Furthermore, the “legislative arm” framing rings hollow when the community’s legislation cannot touch critical domains. The DAO can pass proposals, but only within a sandbox defined by the team. The draft positions the DAO to focus on community initiatives and growth efforts, but not to govern the protocol holistically. True empowerment means the community would have final say on how resources are used and how the project evolves. Instead, the DAO is being kept as an advisory and fundraising committee under the supervision of the team. This imbalance needs to be corrected immediately, not two years from now.

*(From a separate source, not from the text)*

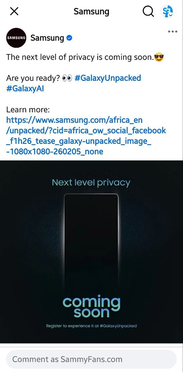 Teaser Galaxy S26 Ultra potvrzuje předchozí úniky. Nejpokročilejší model řady Galaxy S26 dostane mnohem oblejší hrany než jeho předchůdce a skutečně nabídne funkci Privacy Display, která při pohledu ze strany znemožní čtení dat na displeji. To se hodí zejména u bankovních aplikací nebo konverzačních aplikací typu WhatsApp, u nichž nechcete, aby vám někdo nahlížel přes rameno.

Excess Philosophy, Minimal Substance

One of the most striking aspects of the draft is its abundance of high-level philosophy and principles with few tangible changes enacted. It is full of WHEREAS clauses about lessons learned and ambitious goals, but when it comes to actual mandates, they are either continuations of the status quo or vague intentions. For example, the resolution emphasizes ecosystem expansion, community participation, and global promotion of Jupiter’s ideas. These are noble aims, but they are not new or specific – the DAO was always meant to do those things. Meanwhile, pressing practical issues are punted to future efforts.

The draft “RESOLVED” to reform governance mechanics and mentions ideas like streamlined budgeting, better proposal pathways, and enhanced staking rewards. However, it does not implement any of these now – it only states that the DAO shall reform these in the future. This is essentially a promise of maybe doing something later, without committing to a single concrete improvement today. Long-term $JUP holders and active community members have heard plenty of visionary talk; what’s lacking is action.

After one year of the DAO, members expected more than just a rehash of broad goals. They expected structural changes that address known pain points (like cumbersome voting or lack of incentives). Instead, the draft formalizes a lot of what we already have and kicks the can down the road on the rest.

This overemphasis on vision without substance comes at a cost: community confidence. A DAO resolution ought to resolve things – to make decisions or change course. But this draft leaves the community with essentially the same powers and the same ambiguities as before, just wrapped in inspiring language. It feels like a pat on the back (“keep expanding the ecosystem, we’ll help you for two years, trust us”) rather than a bold shift. The community doesn’t need more platitudes about “maturing into a self-sufficient entity” – it needs a plan of action to get there. We should be wary of accepting a feel-good roadmap that lacks the hard guarantees and details that long-term participants deserve.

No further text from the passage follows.